SLEEP APNEA TREATMENT
These are machines that deliver high-pressure air to the back of the throat, to prevent collapse during sleep. This is commonly known as “CPAP” but more recently, machines with auto-titrating settings (autoPAP, or “APAP”) are being prescribed. Air is filtered through the machine at a high pressure, through the tubing, through the mask, and to the back of the throat. Most machines now gather data regarding average pressure settings and provide estimates as to how well the breathing is controlled. Masks are constantly redesigned for comfort to allow for nightly use.
There are various dental/oral appliance devices for sleep apnea. The basic premise of these devices is to hold the tongue and jaw in a forward position to keep your throat from collapsing while you sleep. This is NOT a mouth guard for teeth grinding and is NOT something you can buy off the internet.
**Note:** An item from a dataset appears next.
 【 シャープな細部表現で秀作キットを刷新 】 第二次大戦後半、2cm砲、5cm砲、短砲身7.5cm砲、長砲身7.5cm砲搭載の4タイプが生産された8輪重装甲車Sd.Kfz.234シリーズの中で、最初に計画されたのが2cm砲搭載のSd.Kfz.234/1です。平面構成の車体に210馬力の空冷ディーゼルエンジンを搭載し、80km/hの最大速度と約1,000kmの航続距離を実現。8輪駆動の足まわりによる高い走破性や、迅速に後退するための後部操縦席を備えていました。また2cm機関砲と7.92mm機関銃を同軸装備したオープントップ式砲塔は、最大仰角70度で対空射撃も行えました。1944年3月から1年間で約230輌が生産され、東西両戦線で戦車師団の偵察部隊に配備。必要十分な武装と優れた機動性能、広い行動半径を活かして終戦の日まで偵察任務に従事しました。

This device has a pacemaker type of activity that stimulates a nerve that connects to the back of your throat and tongue during sleep. This acts to “stimulate” the throat region so that it is more open while you sleep.
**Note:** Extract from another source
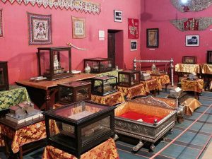પહેલા માળના એક ભાગમાં એક સંગ્રહાલય પણ છે, જેમાં દરવાજા ઉપર લાકડા અને પત્થરથી બનેલા બારસાખ રાખવામાં આવ્યા છે. આ સંગ્રહાલયના પ્રદર્શનોમાં મહારાજા દ્વારા મોટી સંખ્યામાં જમા કરવામાં આવેલ વસ્તુઓ રાખવામાં આવી છે જેમ કે રમકડાની ગાડી,ચિત્રો, પુસ્તકોની લાઇબ્રેરી, ટ્રોફીઓ વગેરે. સુશોભિત બાલ્કની ગોંડલ નગરના મનોહર દ્રશ્ય બતાવે છે. મહેલની ડાબી બાજુના ખંડમાં વાસણોનું પ્રદર્શન અને વિશાળ વજનકાંટાની જોડી છે.

Other types of surgery are usually reserved for specific instances. For example, for a child, your doctor may suggest removing the tonsils or adenoid tissues. For adults, removing tonsils or repairing deviated nasal septum rarely modifies sleep apnea severity but may help with tolerating the CPAP/APAP machine.
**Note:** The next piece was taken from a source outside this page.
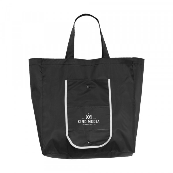 Opvouwbare winkeltas van 210D polyester. Met 2 insteekvakken. Afm. uitgevouwen 44 x 36 x 11 cm. Afm. opgevouwen 17 x 9 x 1,5 cm. 50 g.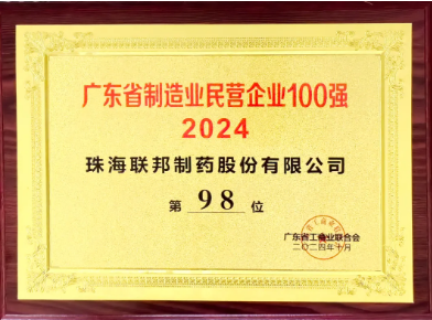 喜訊そ聯邦製藥上榜「2024廣東省製造業民營企業100強」榜單

Among all the risk factors that contribute to sleep apnea, the single most modifiable risk factor is weight management! This is more than what you see on the scale – focus on muscle to fat ratio and waist size. In other words, decreasing a pant size will likely make more of a medical impact than changing the numbers on the scale.
Nicotine and particularly cigarette smoking negatively impacts multiple medical issues – sleep apnea is no exception. Talk to your doctor about quitting!
For the overwhelming majority of adults, sleep apnea is due to a blockage that occurs in the back of the throat. For some people (such as small children), blockage in the nasal area can cause sleep apnea symptoms. Talk to a doctor about whether a trial of a prescription nasal spray or even an over-the-counter preparation can help. Keep in mind that these methods are not to be used long-term unless your doctor advises it.
Things to try
If you think you have sleep apnea, here are some things that can help:
- If you are overweight, talk to your doctor about healthy lifestyle changes. A healthy muscle to fat ratio can improve sleep apnea symptoms.
- Stop smoking – this will help any medical disorder, including sleep apnea!
- Do not drink excess alcohol, especially in the evening or near bedtime. Alcohol worsens sleep apnea symptoms in many ways, including contributing to the “floppy” nature of the throat area as well as adding weight to the central core areas that worsen OSA.
- Use caution with sleep aids, as these may potentially worsen sleep apnea. This includes over-the-counter preparations.
- Be very careful with activities requiring alertness (including driving).
- See a sleep doctor to discuss diagnosis and treatment options – do NOT ignore it, as OSA has potentially serious health and medical consequences.